Assignment: Below is a listing with pictures in it. Copy it exactly without them.

Dataset extract:
== == ==
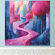 Transforme sus paredes con este fascinante paisaje abstracto monocromático rosa y azul. Esta obra de arte, que combina elementos naturales y urbanos en una paleta armoniosa, cuenta con una sinuosa avenida rodeada de audaces estructuras geométricas y vibrantes árboles rosas. La composición dinámica y la interacción suave de la luz y la sombra crean profundidad y tranquilidad, lo que la convierte en el centro perfecto para interiores modernos, minimalistas o contemporáneos. Una elección impresionante para los amantes del arte que buscan un diseño único y vibrante.
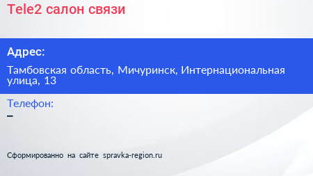 Tele2, салон связи по адресу Тамбовская область, Мичуринск, Интернациональная улица, 13 в дальнейшем Организация, размещена в следующих категориях:
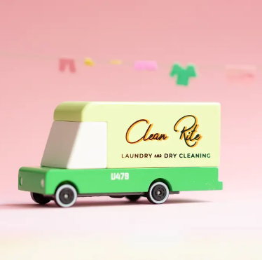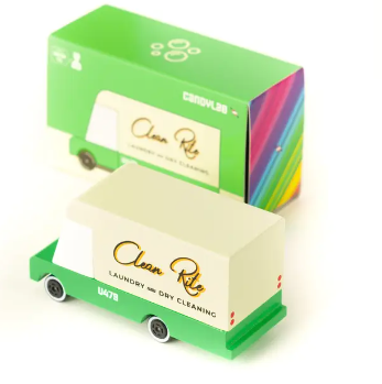 Let's be honest, when did we last see a Laundry toy van? We figured we should fix that. This Laundry Van is here to do all the dirty laundry that you really don't want to do. Materials & Info: Solid Beech Wood, water-based paint and clear urethane coat. ABS plastic rims, with rubber tires.
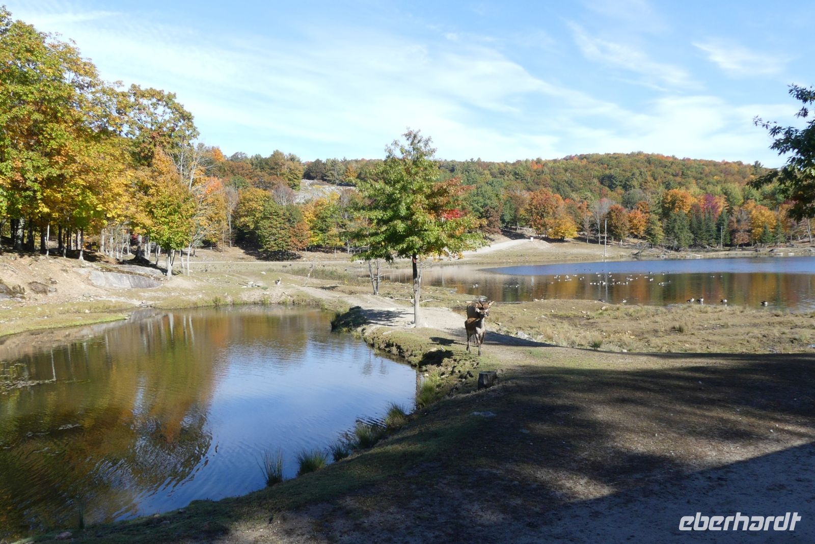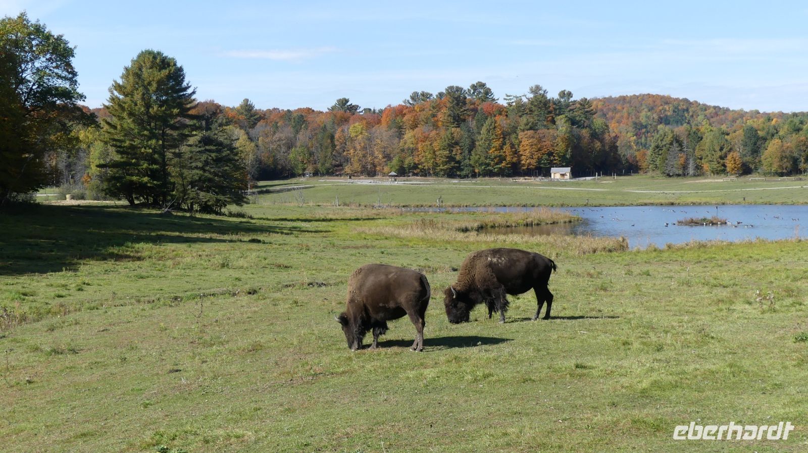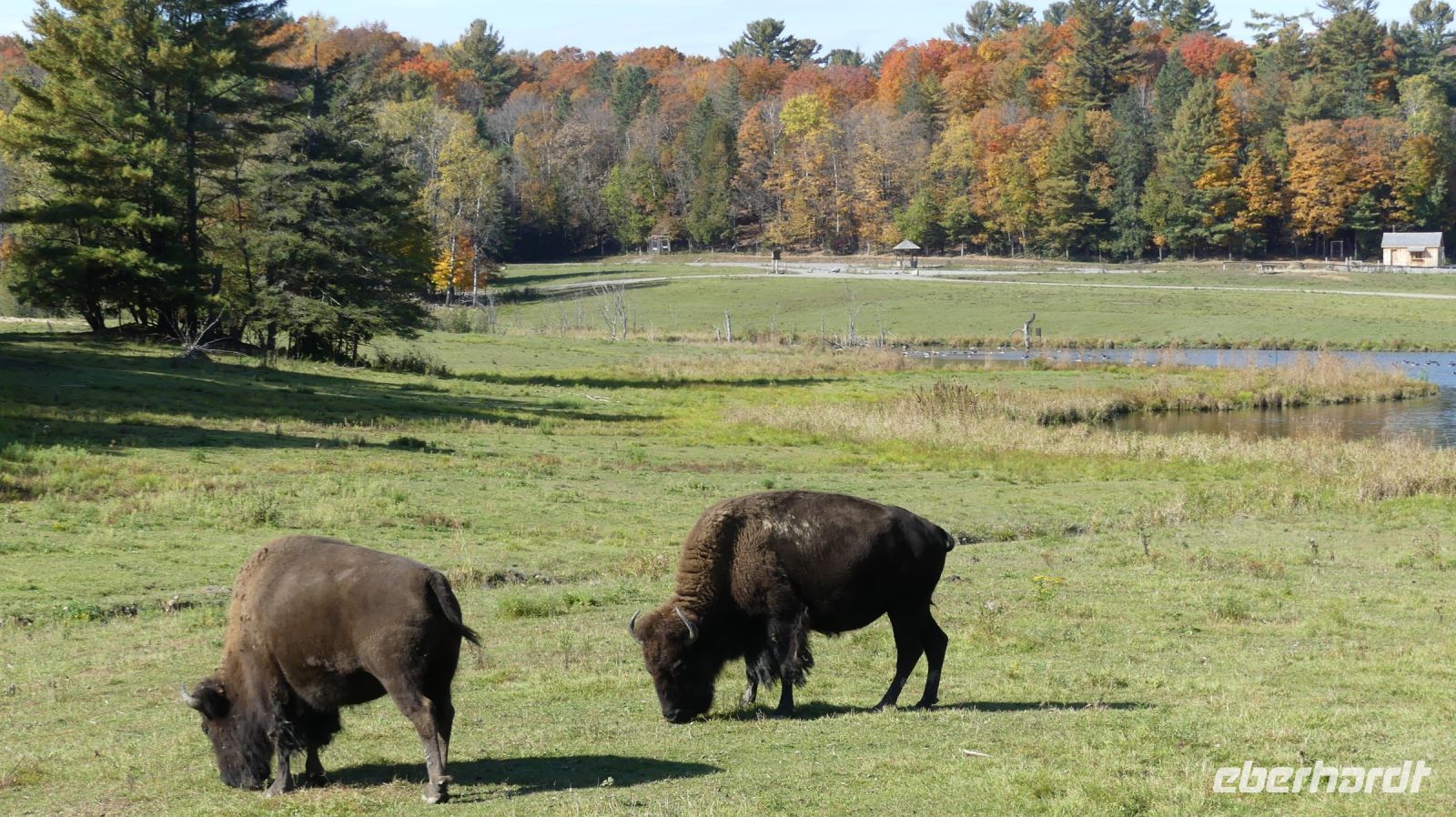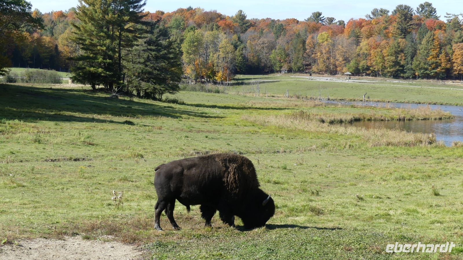 Unser erstes Tagesziel ist der Richtung Montreal gelegene Omega-Wildpark. In diesem Park wurden so ziemlich alle Wildtieren angesiedelt, die ihre Heimat in Kanada haben. Ähnlich wie bei einer Safari begeben wir uns mit einem Fahrzeug auf Entdeckungsreise. Wir sitzen in einem älteren Modell eines Schulbusses. Durch die offenen Fenster können wir fotografieren und Tiere mit Möhren füttern. Vor allem die Wapitis warten schon auf diesen Imbiss. Sie sind an die Fahrzeuge gewöhnt und nicht scheu. Wapitis ähneln Hirschen und zählen auch zu der Familie der Hirsche. Bei dieser Tour durch eine schöne hügelige Landschaft mit toller Laubfärbung begegnen wir außerdem Wildschweinen, Karibus, Schwarzbären, Polarfüchsen, Wölfen, Bisons u. a. m.
== == ==
Exercise response:
 Transforme sus paredes con este fascinante paisaje abstracto monocromático rosa y azul. Esta obra de arte, que combina elementos naturales y urbanos en una paleta armoniosa, cuenta con una sinuosa avenida rodeada de audaces estructuras geométricas y vibrantes árboles rosas. La composición dinámica y la interacción suave de la luz y la sombra crean profundidad y tranquilidad, lo que la convierte en el centro perfecto para interiores modernos, minimalistas o contemporáneos. Una elección impresionante para los amantes del arte que buscan un diseño único y vibrante.
 Tele2, салон связи по адресу Тамбовская область, Мичуринск, Интернациональная улица, 13 в дальнейшем Организация, размещена в следующих категориях:
 Let's be honest, when did we last see a Laundry toy van? We figured we should fix that. This Laundry Van is here to do all the dirty laundry that you really don't want to do. Materials & Info: Solid Beech Wood, water-based paint and clear urethane coat. ABS plastic rims, with rubber tires.
 Unser erstes Tagesziel ist der Richtung Montreal gelegene Omega-Wildpark. In diesem Park wurden so ziemlich alle Wildtieren angesiedelt, die ihre Heimat in Kanada haben. Ähnlich wie bei einer Safari begeben wir uns mit einem Fahrzeug auf Entdeckungsreise. Wir sitzen in einem älteren Modell eines Schulbusses. Durch die offenen Fenster können wir fotografieren und Tiere mit Möhren füttern. Vor allem die Wapitis warten schon auf diesen Imbiss. Sie sind an die Fahrzeuge gewöhnt und nicht scheu. Wapitis ähneln Hirschen und zählen auch zu der Familie der Hirsche. Bei dieser Tour durch eine schöne hügelige Landschaft mit toller Laubfärbung begegnen wir außerdem Wildschweinen, Karibus, Schwarzbären, Polarfüchsen, Wölfen, Bisons u. a. m.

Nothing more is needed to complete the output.